Equity considerations in implementation and quality improvement studies
In applying our equity considerations to the examples above, we found that most studies successfully engaged stakeholders in strategy design and addressed SDoH but few employed rigorous trial design to test high-quality, adapted, theory-informed strategies selected to target known implementation barriers. In addition, none of the implementation strategies were specified (i.e., who delivered them, how often, when) (Table 3). These equity implementation considerations are essential to replicability, refinement, and a better understanding of the mechanistic underpinnings of findings (e.g., did disparities improve because of improved adoption of EBPs?). For those studies with null results, our roadmap calls for re-examination of prior steps and use of theoretical frameworks to elucidate how or why implementation failed and for which outcomes to spur adaptation or selection of different implementation strategies.
APPLICATION OF ROADMAP STEP 4: EVALUATING IMPLEMENTATION SUCCESS
In this section, we highlight several theoretical frameworks and design features for evaluating implementation success.
Using mixed methods informed by evaluation frameworks can elucidate how and why an implementation effort to reduce disparities succeeded or failed. In an example of a hybrid effectiveness-implementation study, Glasgow and colleagues used the Reach, Effectiveness, Adoption, Implementation and Maintenance (RE-AIM) framework to evaluate the effect of an implementation strategy involving stakeholder engagement, a remote tool, and cultural tailoring on adoption of a weight loss and hypertension self-management EBPs in urban community health centers. The authors demonstrated high clinician referral to the program (adoption), higher fidelity/completion in lower-income participants (implementation), and significant improvements in BP control at 24 months which did not differ by race/ethnicity, income, gender, income or language (effectiveness) but the effects were not sustained beyond the study period (maintenance). Recent efforts to apply equity and sustainability considerations to the RE-AIM framework call for mixed methods to pose questions like whether low-resourced settings/staff have the capacity and resources to deliver an EBP in on an ongoing basis.67
Frameworks can also be leveraged to describe intervention design aspects and propose adaptations needed for widespread implementation. In a narrative review of community-based behavioral and educational interventions to promote hypertension control in immigrant populations, Ali and colleagues used the Consolidated Framework for Implementation Research [CFIR] to propose key innovations, including adapting to unique socio-demographic and acculturation level of immigrant communities, exploring new intervention designs (both shorter and longer, culturally sensitive activities), employing different types of intervention delivery agents from the community, collaborating with diverse stakeholders at multiple stages of the research process, and using mixed methods to efficiently adapt the intervention.68 Future work should consider how these innovations might target SDoH like education, income and housing.

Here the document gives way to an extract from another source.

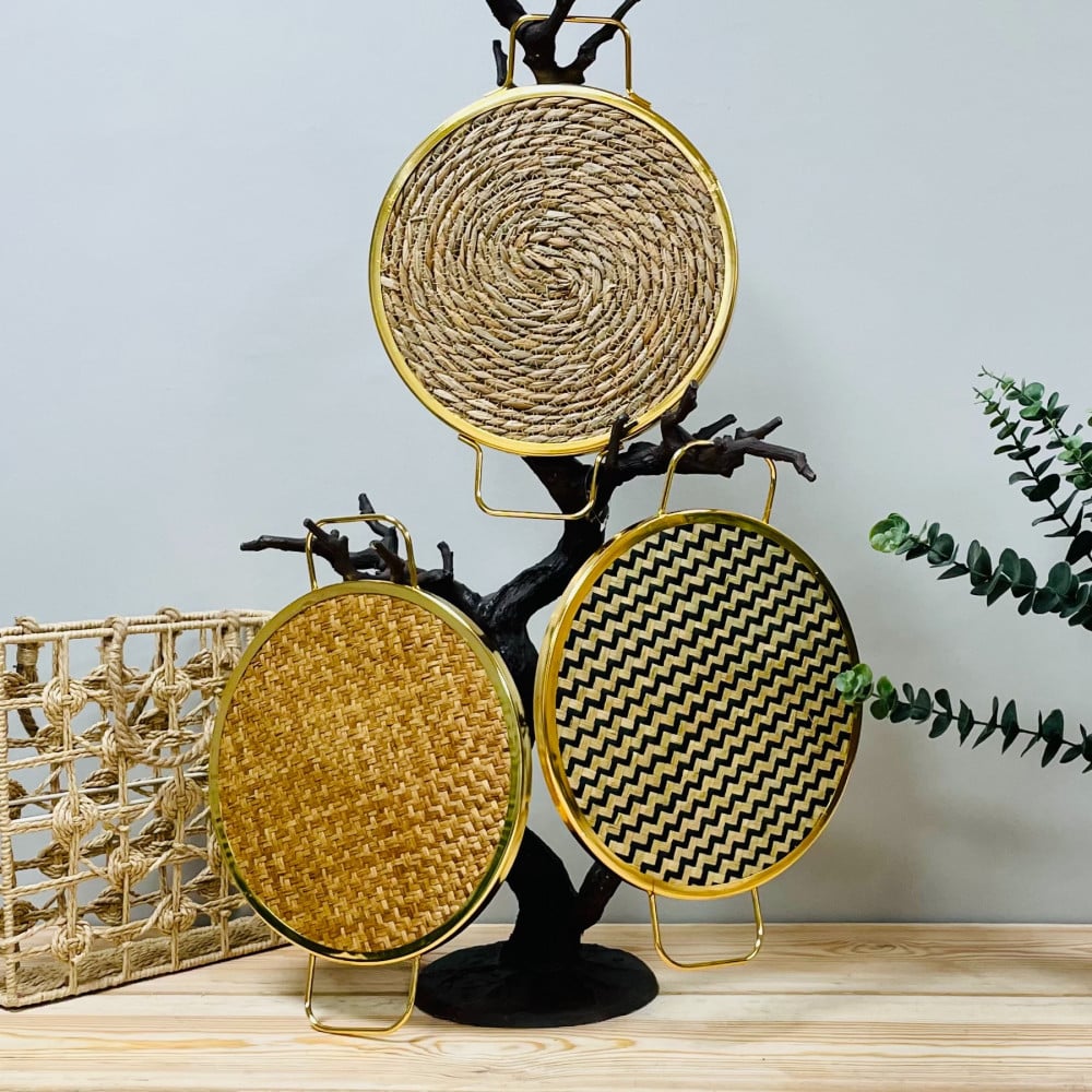 صينية تقديم دائرية بإطار ذهبي أنيق بتصاميم مختلفة تضيف لمسة جمالية فريدة لكل مناسبة. الصواني مصنوعة من خامات عالية الجودة تجمع بين الطبيعة والفخامة، فهي مثالية لتقديم الحلويات، الفواكه أو المشروبات للضيوف، كما يمكن استخدامها كقطع ديكور راقية على الطاولة أو المطبخ.

Finally, implementation science research may benefit from rigorous but more feasible designs like stepped wedge designs (e.g., clusters of clinics are sequentially exposed to an intervention over time).18 In one stepped wedge cluster randomized trial combining practice facilitation and a population-based dashboard for risk stratification found substantial atherosclerotic CVD risk reduction in high-risk patients in small, rural practices.44 While stepped wedge designs are increasingly used in implementation science, researchers need to be aware of the power considerations, inefficiencies when clusters are few, and confounding by temporal trends in policy, service delivery and other external factors.18 Future work should consider incorporating an evaluation framework. For example, in another practice facilitation study of New York City’s HealthyHearts initiative to improve adoption of CV disease EBPs in diverse primary care practices, the authors used the Conceptual Framework for Implementation Fidelity to specify frequency, duration, content and coverage of the implementation strategy (practice facilitation) itself, finding that most practices received an adequate dose of the strategy.43 Inadequate fidelity to the strategy itself can often explain why an implementation study fails.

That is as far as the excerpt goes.